Only one stretch of the data should be retyped: the lines from the line containing "湘南店武藤龍寿プロのライディ" through the line containing "Upon entering the". Keep pictures out of it.

--- DATA EXTRACT ---

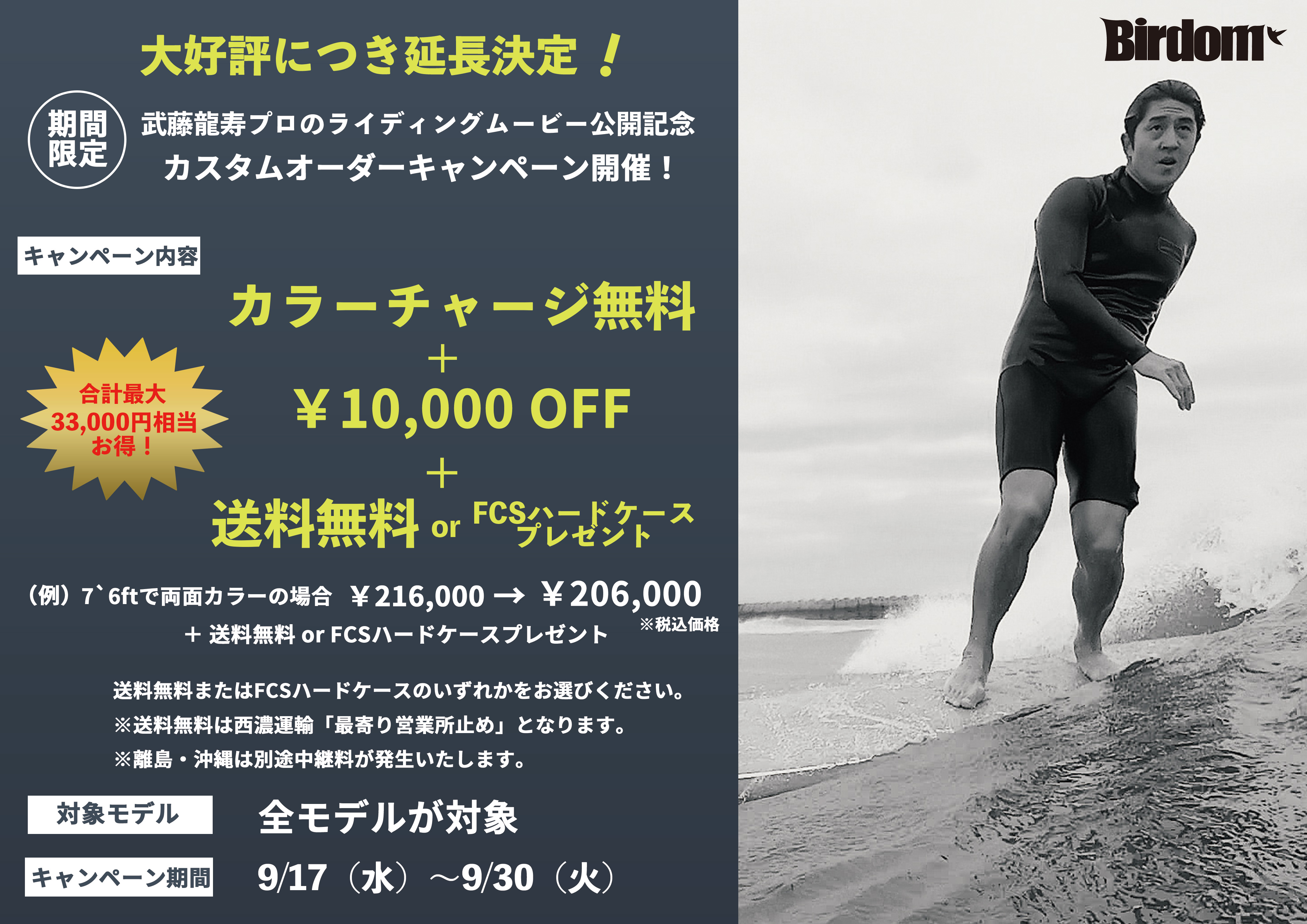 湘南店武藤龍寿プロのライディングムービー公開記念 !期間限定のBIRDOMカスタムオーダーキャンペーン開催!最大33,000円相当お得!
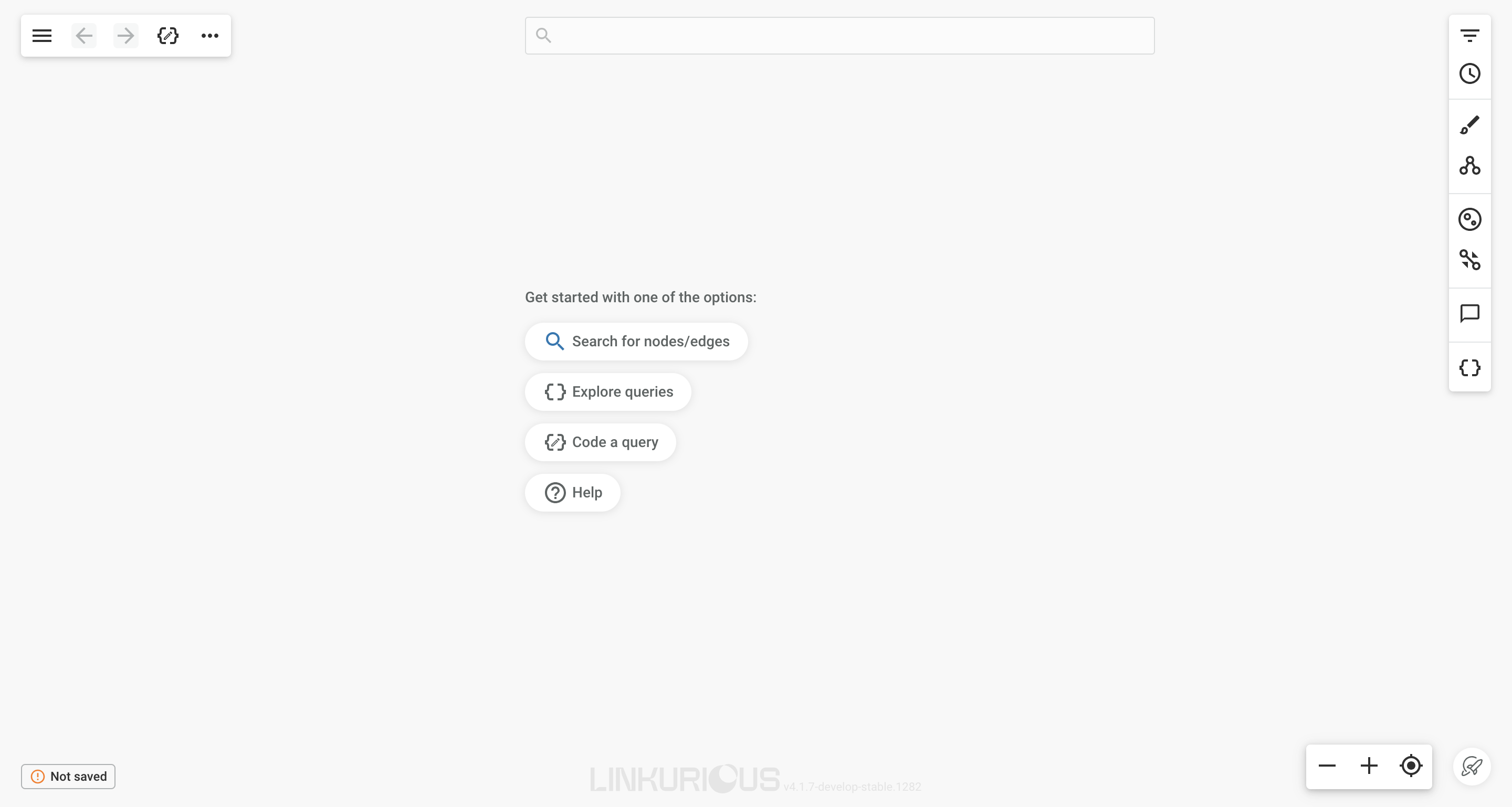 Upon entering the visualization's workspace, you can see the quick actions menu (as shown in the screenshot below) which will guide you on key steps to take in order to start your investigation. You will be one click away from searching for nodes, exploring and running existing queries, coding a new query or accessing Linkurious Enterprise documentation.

---
--- DATA EXTRACT ---

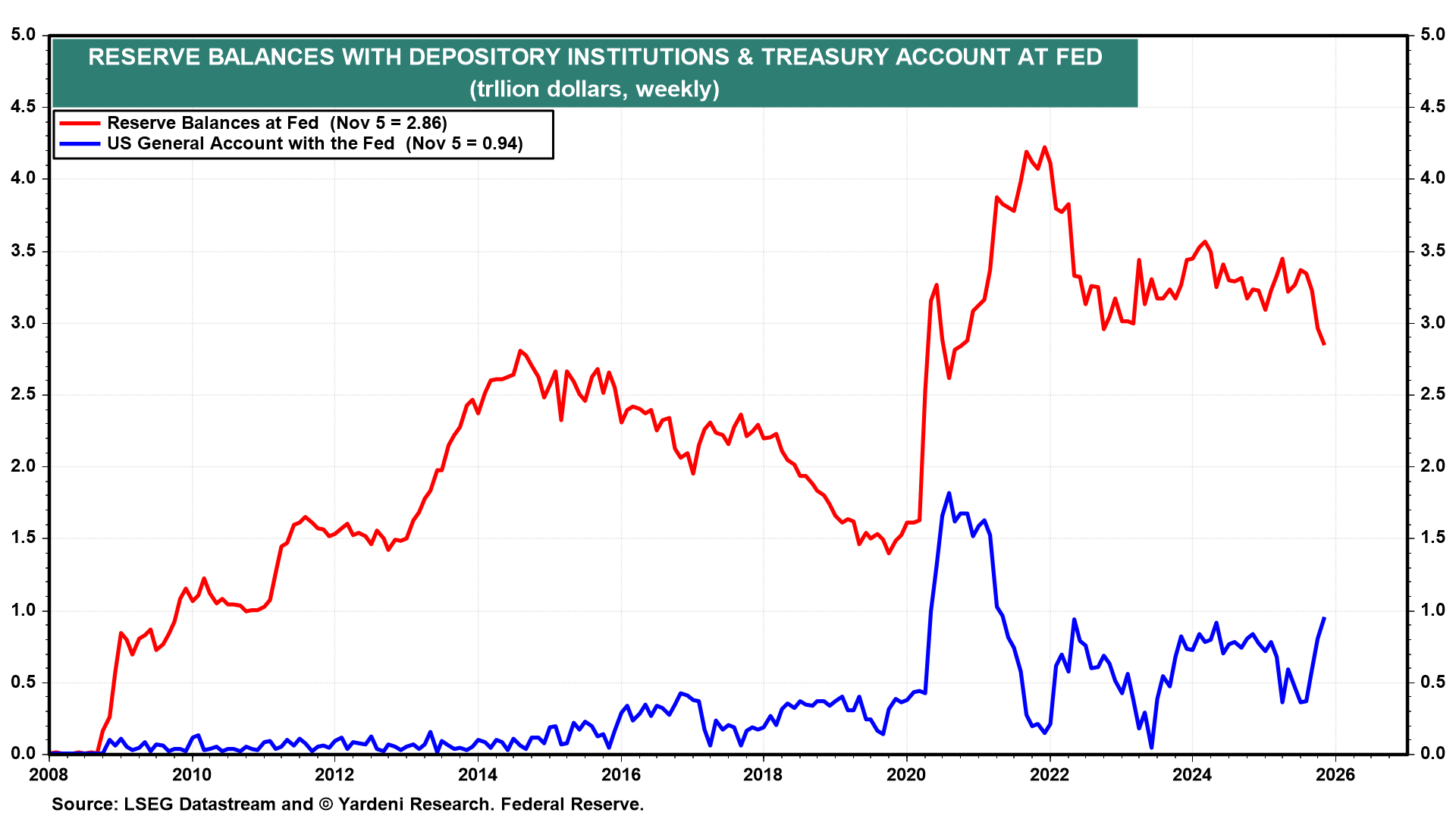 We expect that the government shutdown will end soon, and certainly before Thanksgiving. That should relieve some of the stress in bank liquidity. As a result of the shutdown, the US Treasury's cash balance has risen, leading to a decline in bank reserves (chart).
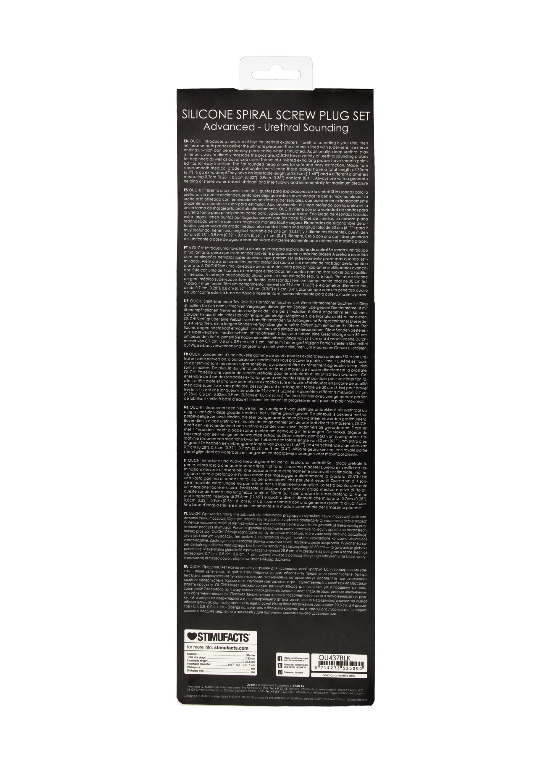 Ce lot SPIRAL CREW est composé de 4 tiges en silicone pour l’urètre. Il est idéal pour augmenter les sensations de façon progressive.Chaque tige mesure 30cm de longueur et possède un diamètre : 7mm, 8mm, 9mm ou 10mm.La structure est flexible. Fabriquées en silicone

---

- RESPONSE FOR THIS EXERCISE -
 湘南店武藤龍寿プロのライディングムービー公開記念 !期間限定のBIRDOMカスタムオーダーキャンペーン開催!最大33,000円相当お得!
 Upon entering the visualization's workspace, you can see the quick actions menu (as shown in the screenshot below) which will guide you on key steps to take in order to start your investigation. You will be one click away from searching for nodes, exploring and running existing queries, coding a new query or accessing Linkurious Enterprise documentation.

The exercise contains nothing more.